国連機関も「今年の降雨量は2012年基準で75%減少した」と発表しており、特に北朝鮮南部・黄海(ファンヘ)北道における水不足の被害がひどい、としている。これは、北朝鮮全体の降雨量は減りつつあるが農業への影響は地域ごとに差があり、被害が甚大な地域もあれば、そうではない地域もある、ということだ。

金正恩政権が本格化した2012年以降、農業分野への国家的な投資や、各農場における自律的な農業経営を進めた結果、農地改良や農機具などへの投資ができるほど経済的余裕がある農場とそうでない農場とに分けられつつある、という指摘もある。

農場の地理的条件も、全国で一律でないのは当然だが、経済的余裕があれば気象条件の変化に対応するための投資も可能であり、植える作物の品種も高品質なものに変えるなどの対策ができる農場もあれば、それができないところもある、ということだ。
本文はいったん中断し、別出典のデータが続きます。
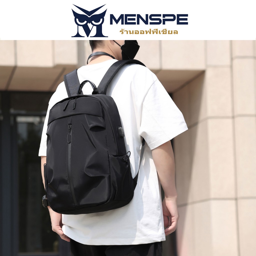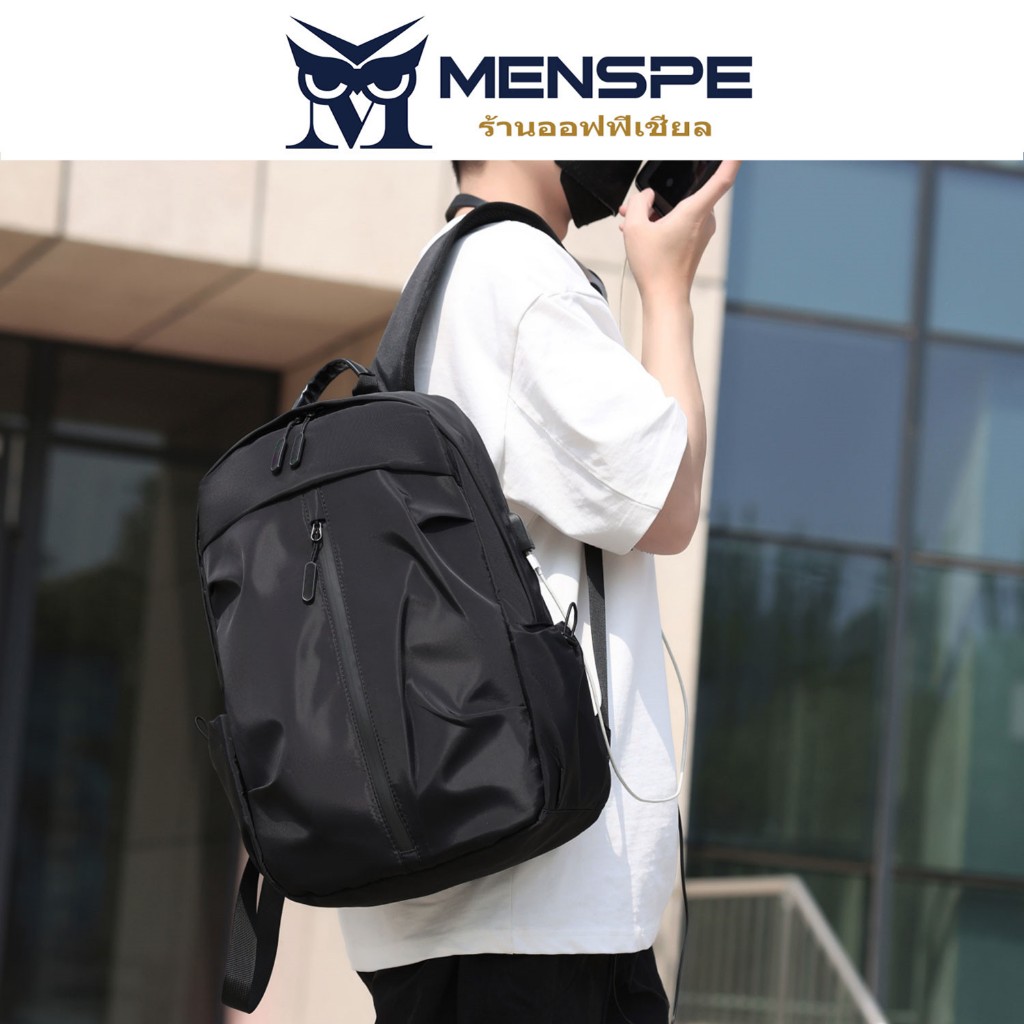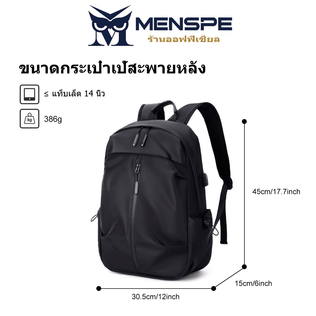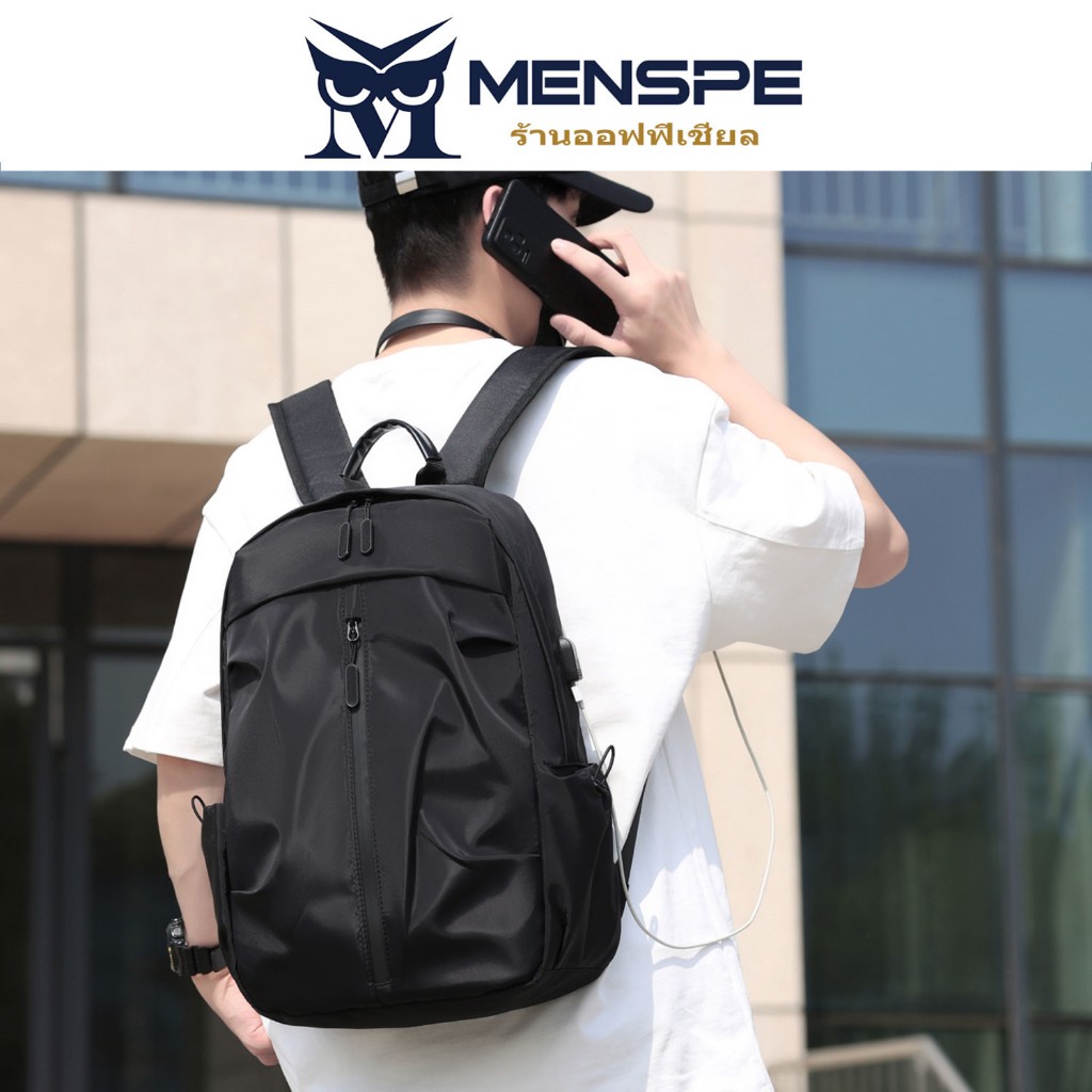 Menspe กระเป๋าเป้สะพายหลังผู้ชาย USB ชาร์จกระเป๋าเป้สะพายหลังแล็ปท็อปกระเป๋าเป้สะพายหลัง Casual Travel กระเป๋านักเรียน Dacron กระเป๋าเป้สะพายหลังสีทึบ

朝鮮社会科学院経済研究所農業経営室の金光男(キム・グアンナム、男)室長は2014年9月に東洋経済とのインタビューに答え、2014年も「100年に一度の水不足」と当時の状況を説明しながら、水不足などに対しては「その土地の条件に合った品種、特に促成で多収穫、少肥料で病害虫にも強い品種を開発して実際に植え付けを行うなど対処している」と述べたことがある。

昨年も同様だった「100年に一度」の干ばつ

また、コメなどの穀物は脱穀前で1ヘクタール当たり10トンの生産量が基準とされているが、それを超えることができるかが、今年の農業生産を左右しそうだ。昨年は前述のような水不足と言っていたが、FAOやWFPの統計によると、コメやトウモロコシなどの穀物生産量は497万5000トンと、2013年と比べると13万トン増となった。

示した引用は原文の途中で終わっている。